No. It’s not going to be easy, but we need to take a much longer term perspective. Some of the key plants in the garden we’ve had for the past few decades – the banks, for example – have become completely overgrown and are choking everything else. We need not only to chop them back (hard enough, given their size and resilience); we need also to find, and nurture, the plants we’d rather have in their place.
If, at this point, you’re thinking he’s pushed the metaphor too far – well, maybe. So let’s just briefly, and in closing, swivel to the rather more austere but still rather mysterious world of systems thinking.

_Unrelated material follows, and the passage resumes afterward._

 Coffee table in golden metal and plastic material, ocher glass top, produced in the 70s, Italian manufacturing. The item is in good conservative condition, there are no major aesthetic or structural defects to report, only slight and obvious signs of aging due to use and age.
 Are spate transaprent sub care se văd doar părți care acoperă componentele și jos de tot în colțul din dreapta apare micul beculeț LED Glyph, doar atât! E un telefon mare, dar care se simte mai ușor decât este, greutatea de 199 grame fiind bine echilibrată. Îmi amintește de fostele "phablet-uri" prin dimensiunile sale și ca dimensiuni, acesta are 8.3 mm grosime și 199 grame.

Here we find the notion of ‘leverage points’ (not the same as ‘levers’), those parts of a system which, though potentially quite small, nevertheless have the potential – by virtue of their connections throughout the system, or by virtue of the symbolic value that they have – to radically transform how a system works. Leverage points are the Holy Grail of systems thinking. If you can find them and activate them they operate not as levers in the machine metaphor, but as new types of plant in the organic metaphor.
If London is to become a genuinely sustainable city over the next few decades, it will need to find and foster these plants. In particular, it will need to find and allow the new types of enterprise that include energy efficiency and social justice and the idea of well-being rather than growth as simply given, not as ‘corporate responsibility’ add-ons. We should be looking at organisations like Project Dirt and DoNation and 6Heads and dozens of others not as quirky expressions of concern by sweet but peripheral young people, but as the very seeds of the future.

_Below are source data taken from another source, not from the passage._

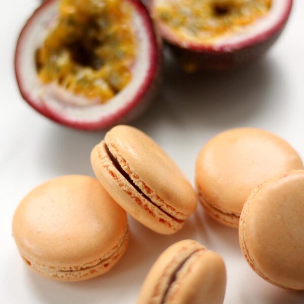 Macarons ar mango un marakujas krēmu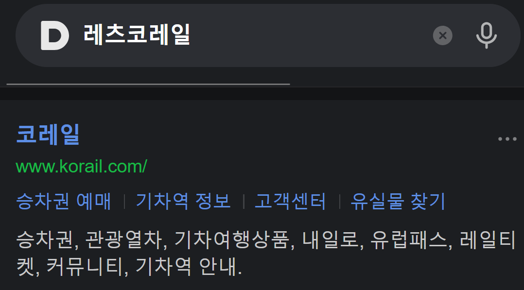 1. 검색창을 활용해 코레일로 이동합니다. 코레일은 전국 열차를 실시간으로 조회하고 예매할 수 있는 공식 철도 서비스 사이트예요.
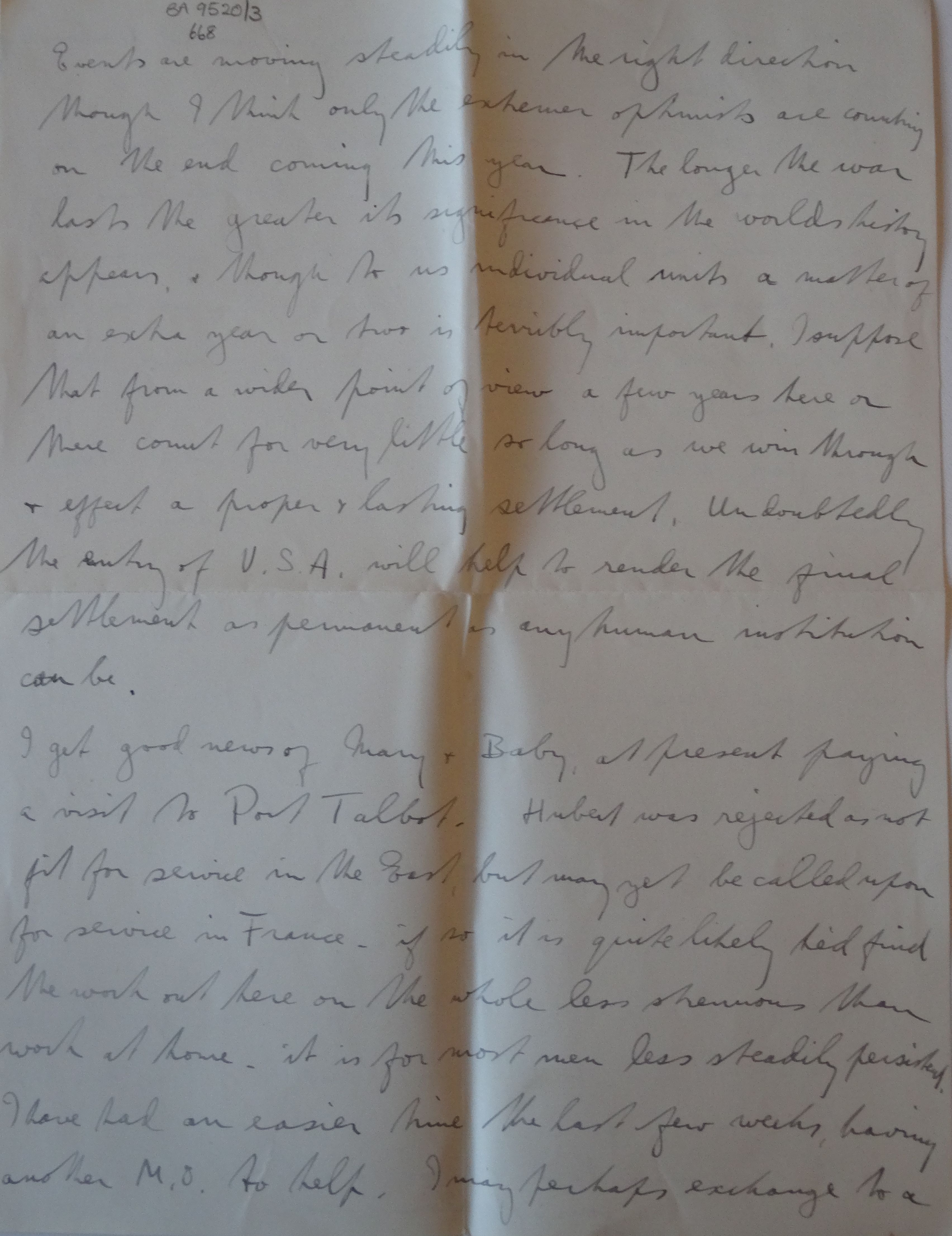 Events are moving steadily in the right direction though I think only the extremer optimists are counting on the end coming this year. The longer the war lasts the greater its significance in the world's history appears, and though to us individual units a matter of an extra year or two is terribly important, I suppose that from a wider point of view a few years here or there count for very little so long as we win through and effect a proper and lasting settlement. Undoubtedly the entry of USA will help to render the final settlement as permanent as any human institution can be.

That’s what I’d like to see the Mayor doing. A pipedream, in the current circumstances, but it needs to be said. Forget the Olympics and the tall buildings and the ridiculous airports. Instead, put all the effort into creating the circumstances – the bedding, the mulch, the nutrients – that will enable every eco-preneur and every start up and every small business in London to have sustainability in its very DNA. Use planning, use incentives, use competitions and grants and all the tools at the Mayor’s disposal to allow the new species to grow. Let’s look not for ‘green shoots’, but really green shoots.
It won’t be quick – have you tried to rescue a ruined garden? – but it’s the only sustainable way forward. Carry on like this, and – well, it’s pretty stormy out there, and no-one seems to know how to make it calm down.